Für diesen Fall bieten wir Hilfsmöglichkeiten und Problemlösungen an, wenn sich die gewünschte Qualität in einem bestimmten Raum nicht einstellen will. Das betrifft zunächst die Produktion von Musik, sowohl in Studioräumen als auch in einem Setup zuhause. Es betrifft aber auch das pure Musikhören in unterschiedlichen Wohnräumen, denn sie sind den gleichen Gesetzen der Schallausbreitung unterworfen, wie Aufnahmestudios.
Unsere Hilfestellung konzentriert sich zunächst auf die Raumgegebenheiten und erst in zweiter Linie auf die passende Technik, wie Lautsprecher oder Verstärker.
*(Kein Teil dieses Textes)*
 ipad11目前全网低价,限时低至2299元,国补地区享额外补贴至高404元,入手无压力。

Oft führt schon ein Hinweis im ersten, kostenlosen Beratungsgespräch zu einer Verbesserung der Musikwiedergabe, ohne dass eine Neuanschaffung getätigt werden muss.
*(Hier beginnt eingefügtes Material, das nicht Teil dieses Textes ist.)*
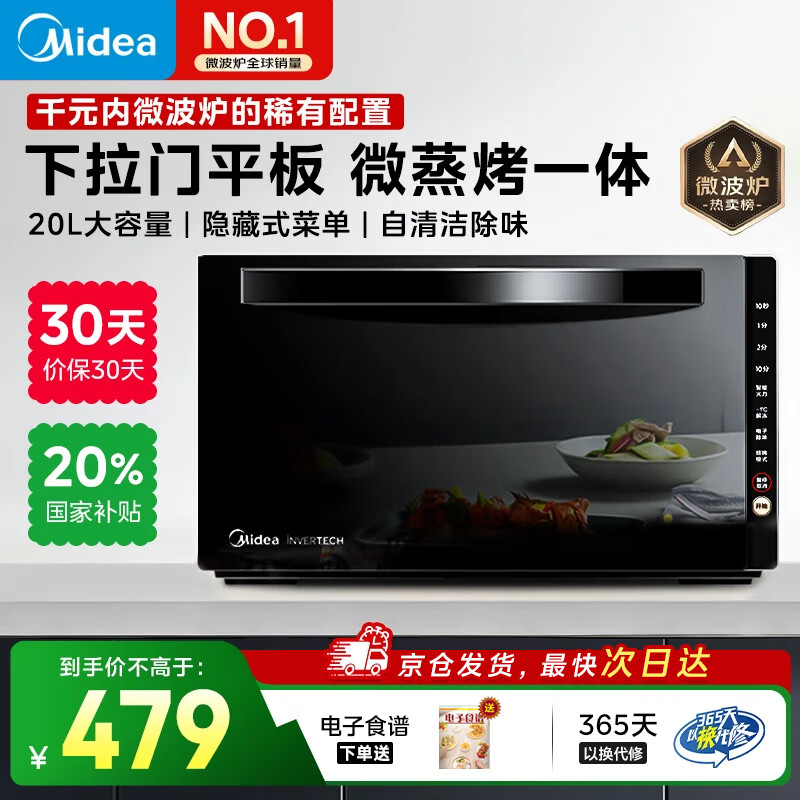 美的变频微波炉烤箱一体机 光波炉智能家用平板 800W大功率速热 一级能效下拉门国家补贴20L M3-208E 微蒸烤一体机

Speaker Boundary Interference Response (SBIR)
Bei der Wiedergabe von Musiksignalen in Räumen wurden in den letzten Jahren immer öfter einige grundsätzliche Probleme erkannt. Das Bewusstsein für die Existenz von Raummoden, Nachhall und Flatterechos ist stetig gewachsen und ein Industriezweig für raumakustische Maßnahmen ist entstanden. Jedoch wurde die Aufstellung der Lautsprecher bisher nur unzureichend als Fehlerquelle in den Blick genommen.
Der Grund ist klar: Mit Hinweisen zur korrekten Aufstellung lässt sich kein Geld verdienen. Zudem existiert ein Problem, das mit keiner noch so sorgfältigen Aufstellung gelöst werden kann: Eine Phasenauslöschung im Bassbereich, die mit dem Abstand des Lautsprechers zur dahinterliegenden Wand zu tun hat (Speaker-Boundary Interference Response). Diese Auslöschung (destruktive Interferenz) geschieht bei kugelförmiger Abstrahlung immer. Und Signale unter 200 Hz werden bei fast allen Lautsprechertypen kugelförmig abgestrahlt. Die Auslöschung findet bei einem Viertel der Wellenlänge statt. Wenn ein Lautsprecher z.B. 85cm von der Wand entfernt betrieben wird, entsteht bei der vierfachen Frequenz (also 3,4m = 100 Hz) eine große Senke.
Je näher der Lautsprecher an der Wand steht, desto weiter oben findet die Auslöschung statt. Sie wandert dann in den tiefen Mittenbereich. Hier tritt jedoch zusätzlich der Effekt auf, dass eine tieffrequente Verstärkung stattfindet, die sich bei den meisten Lautsprechern negativ auf das Impulsverhalten auswirkt (Bei gleichzeitiger Senke in den Tiefmitten). Neben ausgewählten geschlossenen Systemen, die direkt an der Wand montiert werden, gibt es nur ein Bassprinzip, das den SBIR-Effekt verhindert: Der Bassdipol. Durch die gegenphasige Abstrahlung auf die Rückseite wird eine Kopplung mit der Rückwand verhindert und das vordere Signal wird ohne Interferenzen an den Hörplatz abgestrahlt.